You may have heard that 3,500 calories = 1 pound. To lose one pound of weight, one needs to consume 500 fewer calories or burn 500 more calories a day than the body needs.
In real-world terms, to lose 500 calories, one can either forgo 1 cup of ice cream (which is roughly a serving the size of a fist) or walk approximately 5 miles a day. As much as I love ice cream, it’s more realistic for me to skip my nightly dessert (which, by the way, is usually more than 1 cup) than to find the 65-85 minutes (depending on speed) to walk 5 miles every day.
Another problem with focusing on exercise is that exerting more energy can make one hungrier. Many people think that they can (or should) eat more if they workout.
But keep in mind that briskly walking 1 mile only burns 100 calories for someone who weighs 180 pounds. Those who weigh less will burn even fewer calories (e.g., walking 1 miles only burns 65 calories for someone weighing 120 pounds).
My Week 1 Progress
For the first week, my assignment was to keep a food log and be mindful of what I was consuming.
- Coffee with milk and sugar (1 cup a day on weekdays, 0 on weekends)
- Wine (1 glass on 3 nights, part of my pantry declutter)
- Water (1.5 liters of water a day)
- Toast with butter and cinnamon sugar
- Carrots and ranch dip (made with light sour cream)
- Homemade popcorn (made with kernels popped in peanut oil)
(I did not eat any chocolate or ice cream this week!)
- Chicken enchilada soup (made with homemade broth)
- Portabella mushroom sandwiches
- Quesadilla with homemade pico de gallo
- Margherita pizza*
- Chicken nuggets*
*I did go out to eat twice this week.
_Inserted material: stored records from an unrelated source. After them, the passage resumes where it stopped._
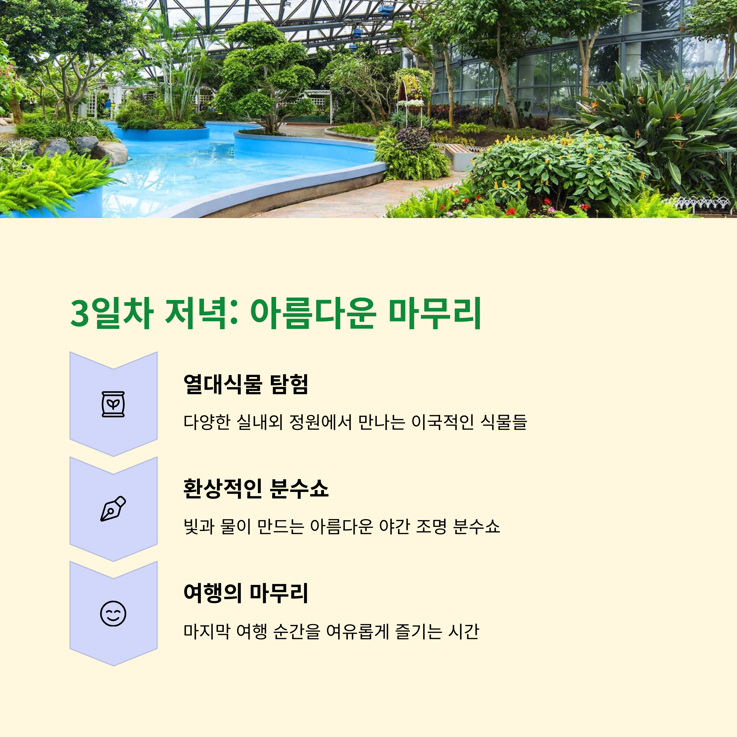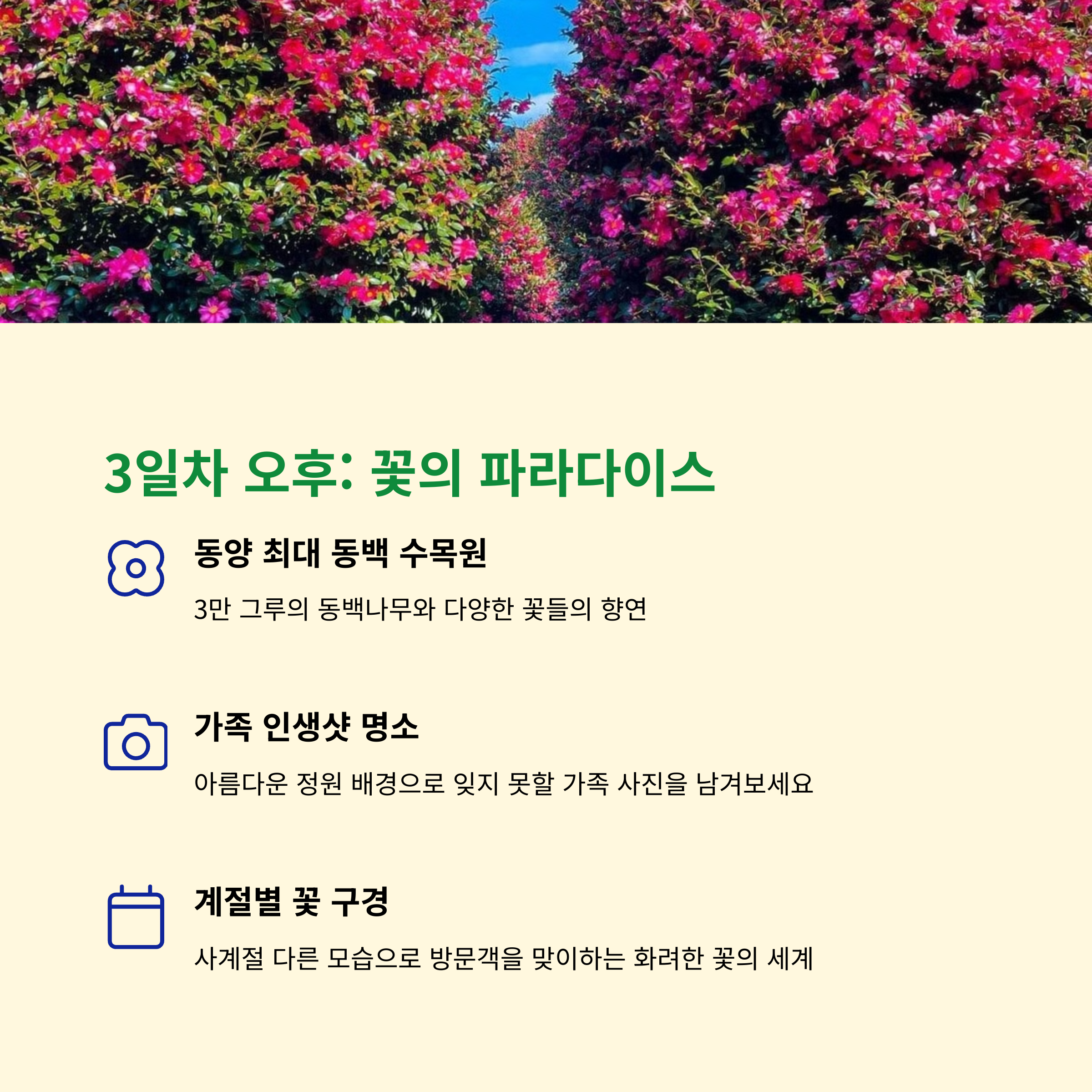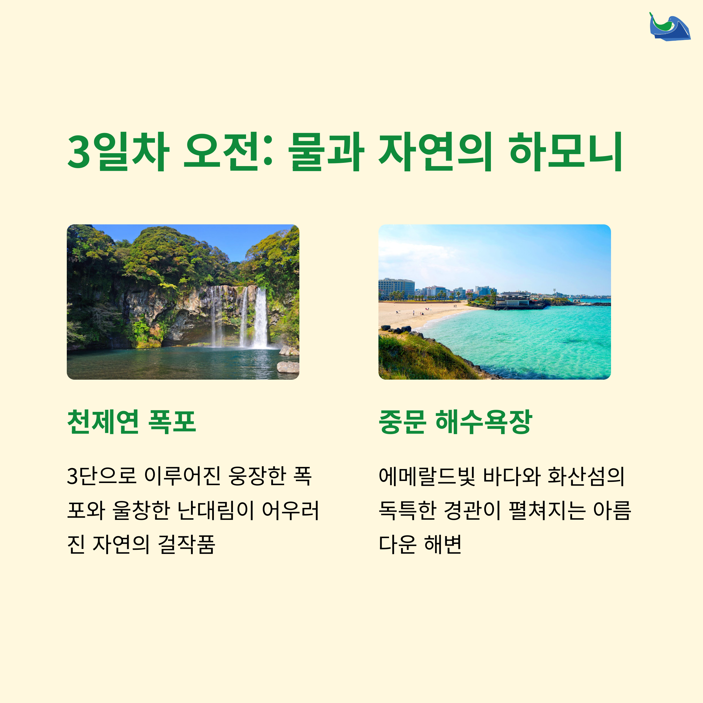 마지막 셋째 날에는 제주 남부 지역을 둘러보며 일정을 마무리합니다. 천제연 폭포에서 시원한 폭포수와 푸른 숲을 배경으로 산책을 즐긴 후, 중문 해수욕장으로 이동해 아이들과 모래놀이를 하며 한적한 시간을 보내보세요. 오후에는 카멜리아 힐에서 계절 꽃들과 함께 사진을 찍고, 여미지 식물원에서 조용히 휴식을 취한 뒤 공항으로 이동하면 알찬 2박 3일 제주 가족 여행이 마무리됩니다.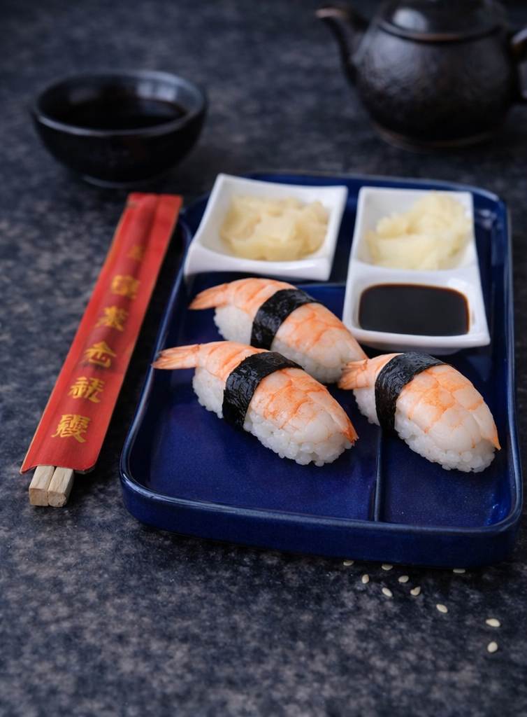 Karides nigiri (2 adet) ve ebi karidesle (8 adet) hazırlanan özel mix tabak.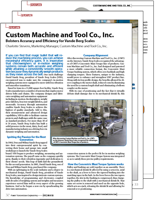 "It is a fantastic and very innovative product that makes complete sense for our needs," said David Vande Berg of Vande Berg Scales. "The Concentric Maxi Torque's smooth running power is key to the in-motion weighing system's performance."
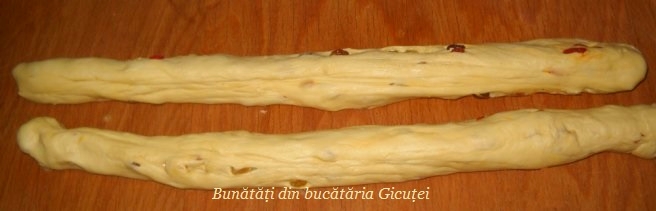 Cand aluatul a dospit suficient il rasturnam pe masa de lucru unsa cu putin ulei si il mai framantam putin(1 minut). Il impartim in doua parti egale, dam forma de rulou fiecarei bucati si le impletim prin rasucire. Il puteti pune intr-o tava normala de cozonac in care asterneti hartie de copt sau cum am facut eu, intr-o forma de guguluf unsa cu unt. Lasam cozonacul la dospit cam trei sferturi de ora, apoi il ungem cu oul batut si il punem in cuptorul preincalzit.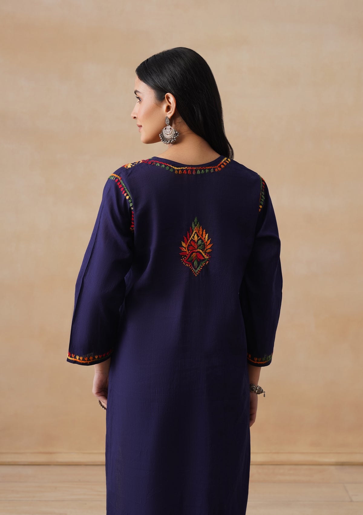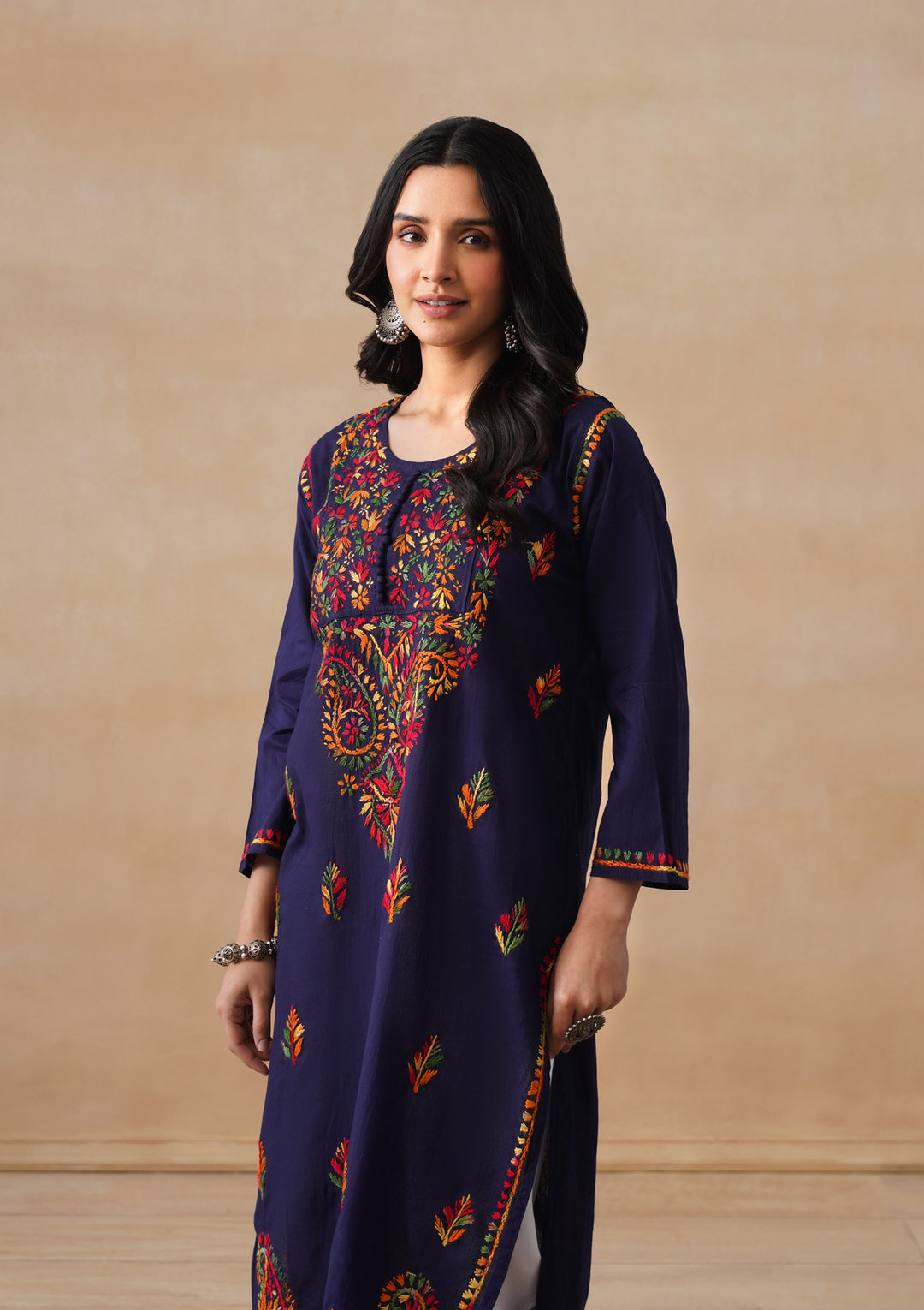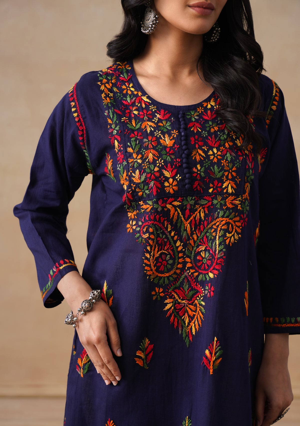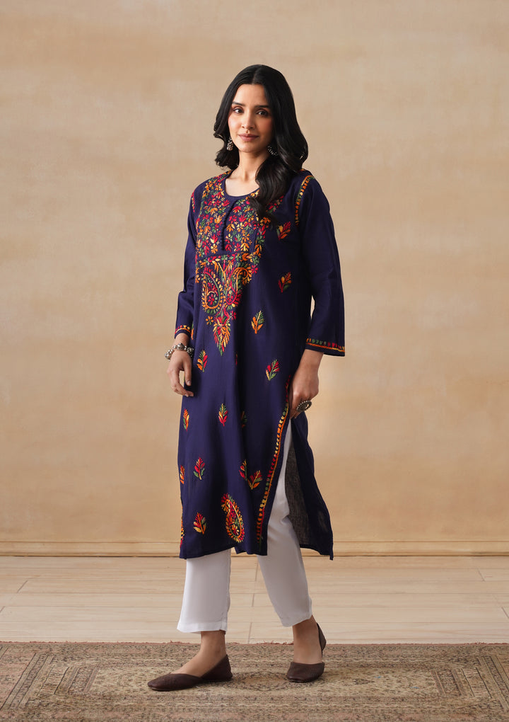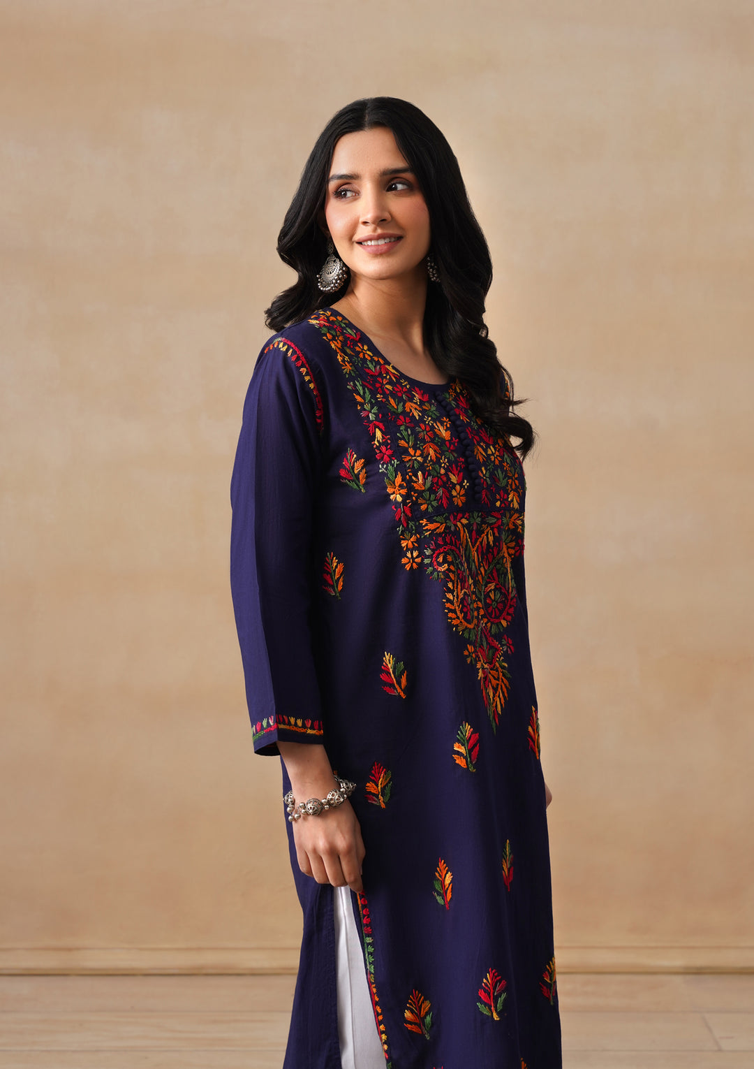 HOC Cotton Chikankari Solid Women's Long Kurta - Navy

Although I had pizza while at lunch with a friend, the fresh mozzarella on the Margherita pizza was much less cheese than the greasy take-out pizza I typically order. And when I went out for lunch with my family, I did not order my usual sandwich and fries. Instead, the 5 of us split 30 chicken nuggets. (This not only was fewer calories, but also saved me money!)
Week 1 Results
The only changes I made in week 1 were becoming more mindful of my eating and being accountable to myself (by recording what I ate) and my instructor (to whom I report my weight each week).
In the 1st week I lost 4 pounds. More importantly, I am back within normal BMI and feeling better about myself! As an added bonus, I am back on track with my food budget.